For text2video (t2v):

{
  "crepa_scheduler": "cosine",
  "crepa_lambda": 0.5,
  "crepa_warmup_steps": 100,
  "crepa_decay_steps": 0,
  "crepa_lambda_end": 0.1,
  "crepa_similarity_threshold": 0.85,
  "crepa_threshold_mode": "permanent"
}
Decays CREPA over training and cuts off when similarity saturates to prevent artifacts.

For solid backgrounds (t2v):

{
  "crepa_cutoff_step": 2000
}
Early cutoff prevents stripe artifacts on uniform backgrounds.

How it works (practitioner) - Captures hidden states from a chosen DiT block, projects them through a LayerNorm+Linear head, and aligns them to frozen vision features. - By default it encodes pixel frames with DINOv2; backbone mode reuses a deeper transformer block instead. - Aligns each frame to its neighbours with an exponential decay on distance (`crepa_adjacent_tau`); cumulative mode optionally sums all offsets up to `d`. - Spatial/temporal alignment resamples tokens so DiT patches and encoder patches line up before cosine similarity; the loss averages over patches and frames.
Technical (SimpleTuner internals) - Implementation: `simpletuner/helpers/training/crepa.py`; registered from `ModelFoundation._init_crepa_regularizer` and attached to the trainable model (projector lives on the model for optimizer coverage). - Hidden-state capture: video transformers stash `crepa_hidden_states` (and optionally `crepa_frame_features`) when `crepa_enabled` is true; backbone mode can also pull `layer_{idx}` from the shared hidden-state buffer. - Loss path: decodes latents with the VAE to pixels unless `crepa_use_backbone_features` is on; normalizes projected hidden states and encoder features, applies distance-weighted cosine similarity, logs `crepa_loss` / `crepa_alignment_score` / `crepa_similarity_self`, and adds the scaled loss. - Interaction: runs before LayerSync so both can reuse the hidden-state buffer; clears the buffer afterward.
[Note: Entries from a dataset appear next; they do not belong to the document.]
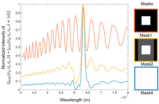 In terms of the developed SEM-CAI, even though it has been demonstrated only for tuning axial resolution independent of lateral resolution, the concept can be extended to tuning spectral resolution independent of lateral resolution as well. Simulation results for tuning spectral resolution post-recording using a monochrome sensor for three masks, Mask1, Mask2, and Mask4, were obtained. The spectral correlation curves obtained from for a wavelength variation between 400 to 800 nm for the three masks are shown in Figure 7. As can be seen, the spectral resolution improves from Mask1 to Mask4. The same approach can also be used to tune the lateral resolution, which has not been discussed in [27,28] and, so far, is not possible after recording a picture or a video. However, a low lateral resolution does not have any useful application.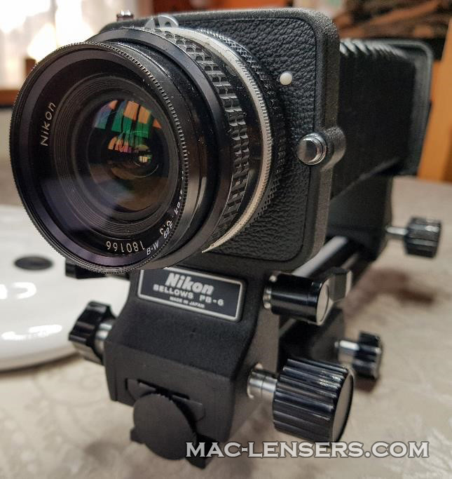 Another day, while repairing my Nikon PB-6 bellows, I found the user manual in pdf. While browsing it, I realized that it was possible to reverse a lens just by flipping the belows front element. This avoids the purchase of reversing rings, that aren't cheap or easy to find either.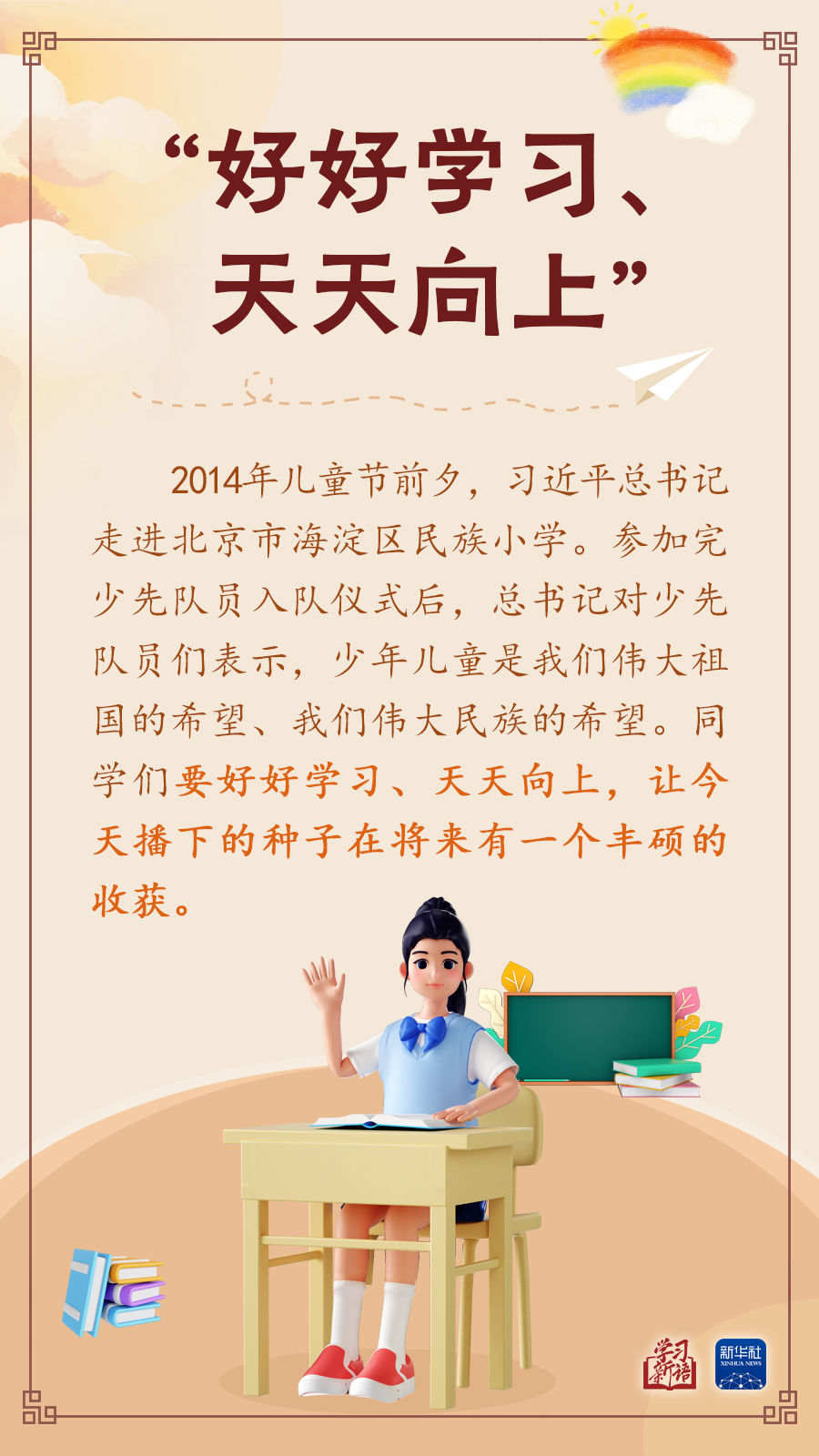 讓孩子們成長(zhǎng)得更好,習(xí)近平總書記始終牽掛于心。本期“學(xué)習(xí)新語(yǔ)”,我們擷取總書記關(guān)心少年兒童健康成長(zhǎng)的一些場(chǎng)景,感悟總書記對(duì)“祖國(guó)花朵”的真摯關(guān)懷和殷切期望。

Requires a valid block index and a hidden size inferred from the transformer config.

Common pitfalls

  • Enabling CREPA on unsupported families leads to missing hidden states; stick to kandinsky5_video, ltxvideo, sanavideo, or wan.
  • Block index too high → “hidden states not returned”. Lower the index; it is zero-based on the transformer blocks.
  • VRAM spikes → try crepa_spatial_align=false, a smaller encoder (dinov2_vits14 + 224), or a lower block index.
  • Backbone mode errors → set both crepa_block_index (student) and crepa_teacher_block_index (teacher) to layers that exist.
  • Out of memory → If RamTorch is not helping, your only solution may be a larger GPU—if H200 or B200 do not work, please file an issue report.